3rd Black Crusade - Abaddon tricks a greater daemon into attacking Cadia so he could attack a shrineworld. In the end he attacks said world, desecrates the tomb of an imperial saint, and the daemon on Cadia slaughters millions. Not seeing topple the Imperium as the objective here.

4th Black Crusade - Abaddon again uses an attacl on Cadia as a distraction so he can take the bulk of his forces elsewhere. An absolutely bat-shit insane tactical decision (go slaughter the populace wholesale and give our enemies time to regroup) leads to the crusades failure. This was an attempt to topple the Imperium and failed.

5th Black Crusade - Abaddon sets a trap which results in the wiping out of two chapters to a man. Chaos win, and not topple the Imperium.

6th Black Crusade - Abaddon launches a crusade against the Imperium so he can betray and kill a rival. Can anyone find topple the Imperium in that one?

7th Black Crusade - Abaddon leads an army of Khorne berzerkers and massacres Blood Angel forces, various chaos fleets break out of the eye and harass Imperial worlds before going back to the eye. Abaddons goal doesn't appear to be topple the Imperium here.

8th Black Crusade - Abaddon goes on a crusade to appease Tzeentch and gain the gods favour. No topple the Imperium here, also he succeeds.

9th Black Crusade - Abaddon aims to bleed Imperial navy fleets dry, over the course of nearly twenty years he does just that. Can't find much about toppling the Imperium here.

10th Black Crusade - Abaddon leads his Black Legion and the Iron Warriors to the Iron Hands homeworld and lays siege to their planet in the name of Perterabo. Same idea as number 9.

11th Black Crusade - Abaddon enslaves a daemon in an effort to find another route out of the eye, ends up fighting a three way war against the Imperium and a WAAAGH. Maybe the original intention was topple the Imperium, but that seems to have changed once the three way war began.

12th Black Crusade - The Gothic war, this is a straight up no in toppling the Imperium. Abaddon had an entire sector cut off from the Imperium so that he could capture six blackstone fortresses, each capable of destroying a planet while two could destabilize a star and destroy a system, in addition to testing out the planet killer. Abaddon left the Gothic sector with his planet killer tested and at least one blackstone fortress under his control.

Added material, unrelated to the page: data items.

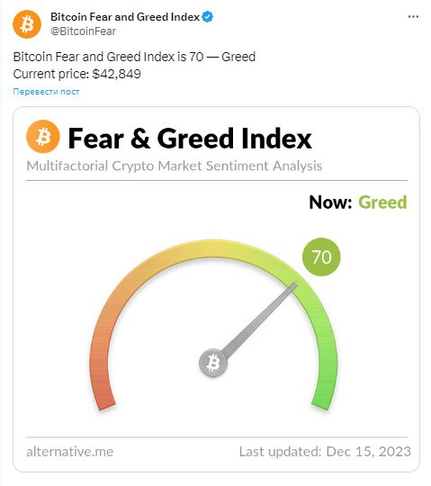 🧭 Индекс страха и жадности по Биткоину достиг уровня 70 (Жадность)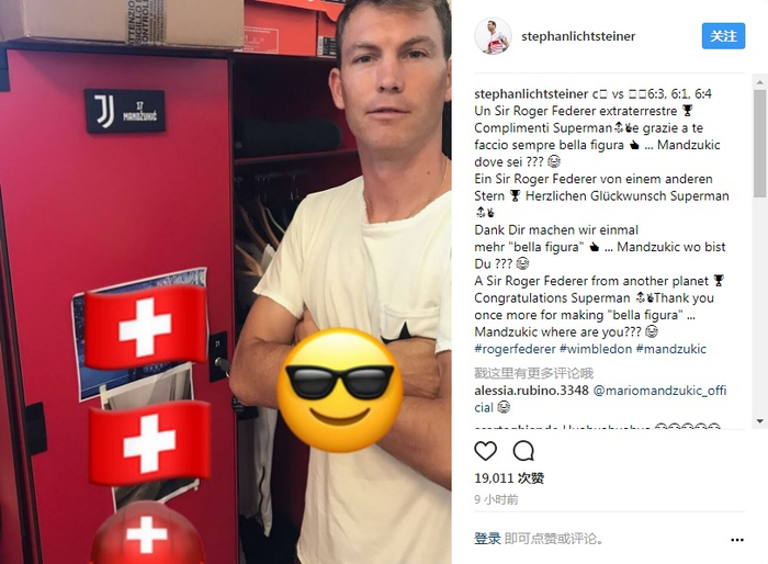 费德勒创纪录地第八次赢得温网,身为同胞的利希施泰纳深感高兴,由于费德勒战胜的是克罗地亚人西里奇,师太也在Instagram上调侃了“不高兴先生”曼朱基奇:“外星人费德勒,祝贺超人,你永远是榜样……曼朱你在哪里?”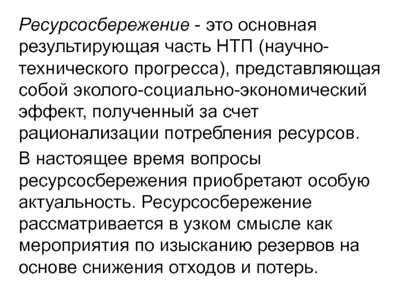 Слайд 23Ресурсосбережение - это основная результирующая часть НТП (научно-технического прогресса), представляющая собой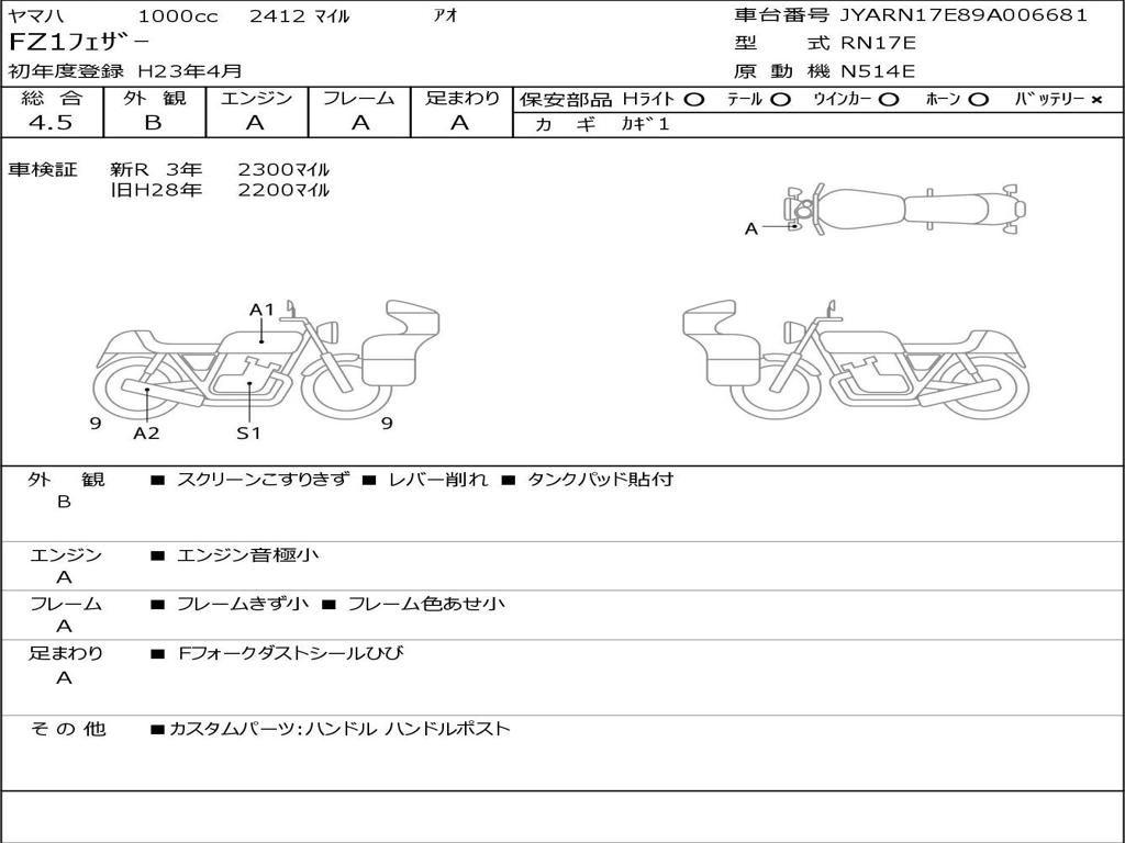 | Номер рамы / VIN | JYARN17E89A006681 |
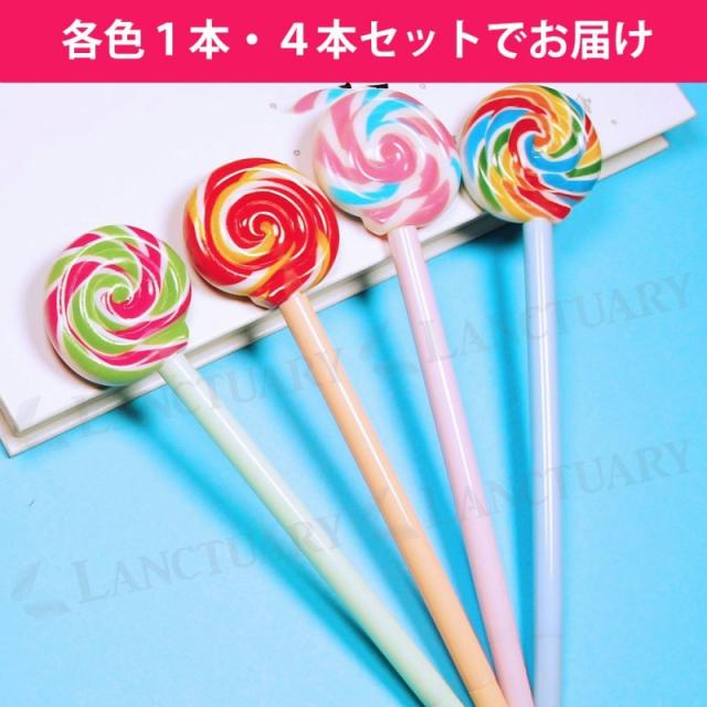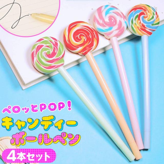 ボールペン 0.5mm 4本セット キャンディーペン ペロペロキャンディ ぐるぐるキャンディ おもしろペン 面白文具 ブラックペン 書きやすい 文房具 オフィス用品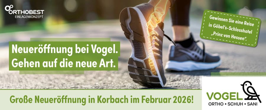 Wir erweitern unser Angebot und präsentieren unseren Standort in Korbach nach einem umfassenden Umbau im Februar 2026 in neuer Atmosphäre. Mit dem modernen Orthobest Einlagenkonzept, frischen Räumen und gewohnter Kompetenz rund um Ortho, Schuh und Sani setzen wir neue Maßstäbe für gesundes Gehen.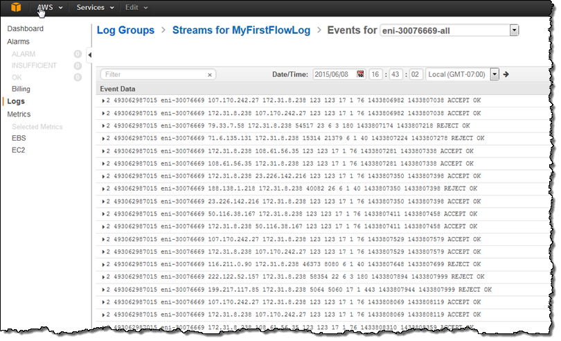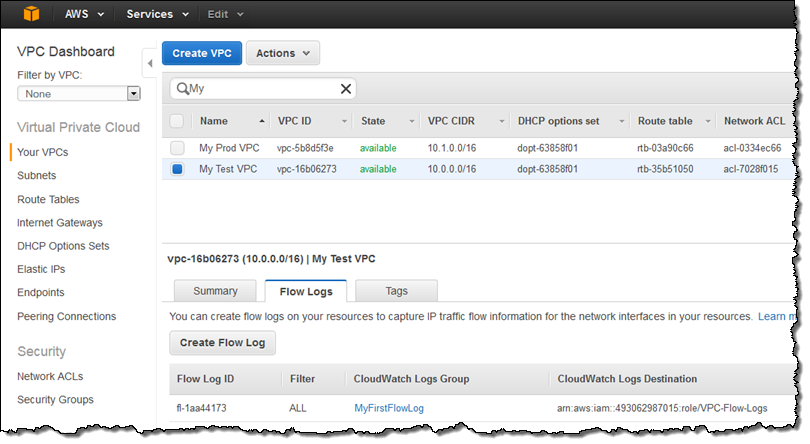 In order to provide better support for this important aspect of network monitoring, we are introducing Flow Logs for the Amazon Virtual Private Cloud (Amazon VPC). Once enabled for a particular VPC, VPC subnet, or Elastic Network Interface (ENI), relevant network traffic will be logged to CloudWatch Logs for storage and analysis by your own applications or third-party tools.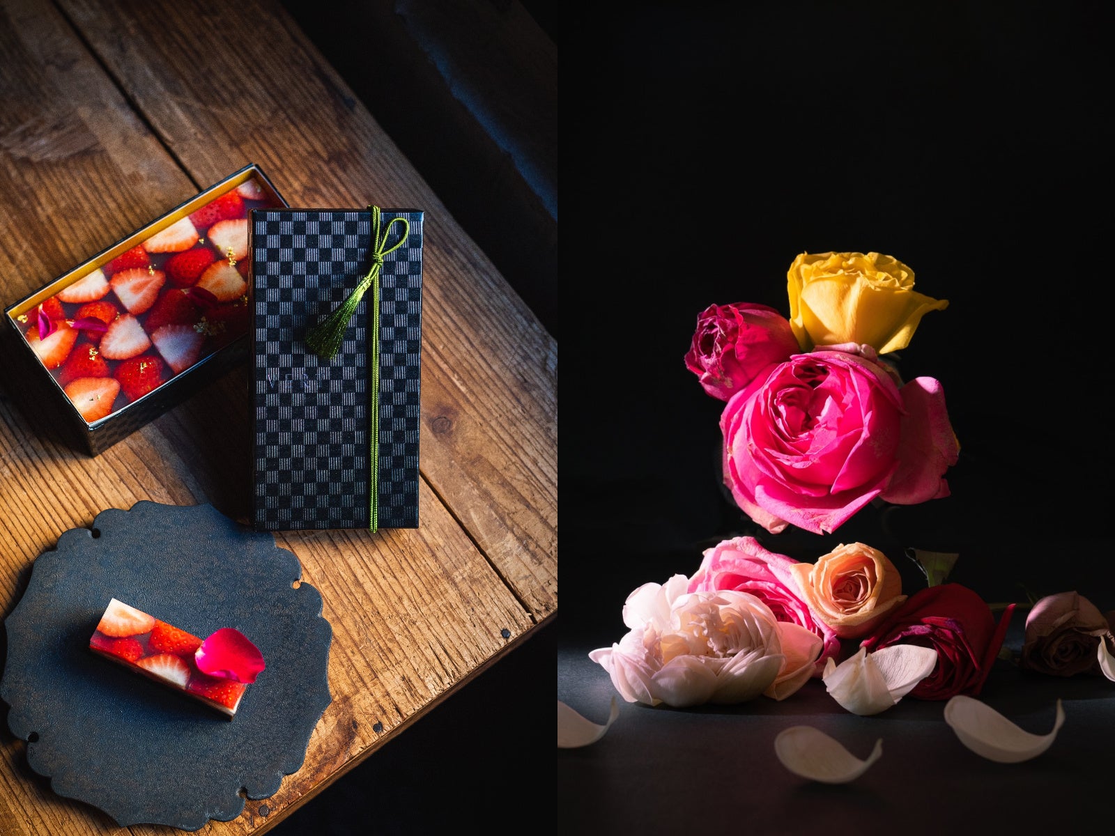 エディブルフラワーの食体験のUP DATEに挑むエディブルフラワー研究所。花のポテンシャルを最大限に引き出した「飾り以外」の創造性を追い求めて、各業界のトップクリエイターとコラボレーションを展開しています。今回はVERTの田中 俊大シェフが「バヌアツカカオ」をテーマに『薔薇とチョコレートの羊羹“儚醇(びょうじゅん)”』が生まれました。栃木県産のいちごを寒天に閉じ込め、フローラルな国産食用薔薇のバラジャムと知覧和紅茶の香りを重ねました。水羊羹の部分には、バヌアツカカオでつくられたアエランチョコレート(エピ島)を使用した新しい味わいの水羊羹です。

13th Black Crusade - Retconned to have not occurred yet, but going with the old fluff we have Abaddon gaining a foothold on Cadia, space around the planet contested (allowing chaos free reign to get out of the eye), and Typhus plague has crippled elements of the segmentum fleet. The Segmentum's defences are severely weakened, which appeared to be the goal.


So yeah, not all of his Black Crusades have been topple the Imperium. In fact, discounting number 13, a full eight or nine were not aimed at toppling the Imperium. Meaning they were in fact the Despoiler plying the long game (and for the record, information regarding the Black Crusades comes from a variety of sources including the 3.5 codex and at least one liber chaotica.)


----------



## Child-of-the-Emperor (Feb 22, 2009)

Regarding the Black Crusades - the latest lore more than implies that the first 12 Black Crusades were effectively mere precursors to the 13th. Across ten millennia Abaddon was consolidating his power and support in preparation for the 13th Black Crusade. The 13th is _the_ one. The end of the road. What everything has been leading to.


----------



## Moriouce (Oct 20, 2009)

Case closed it seems.


----------



## darkreever (Apr 3, 2008)

Child-of-the-Emperor said:


> Regarding the Black Crusades - the latest lore more than implies that the first 12 Black Crusades were effectively mere precursors to the 13th.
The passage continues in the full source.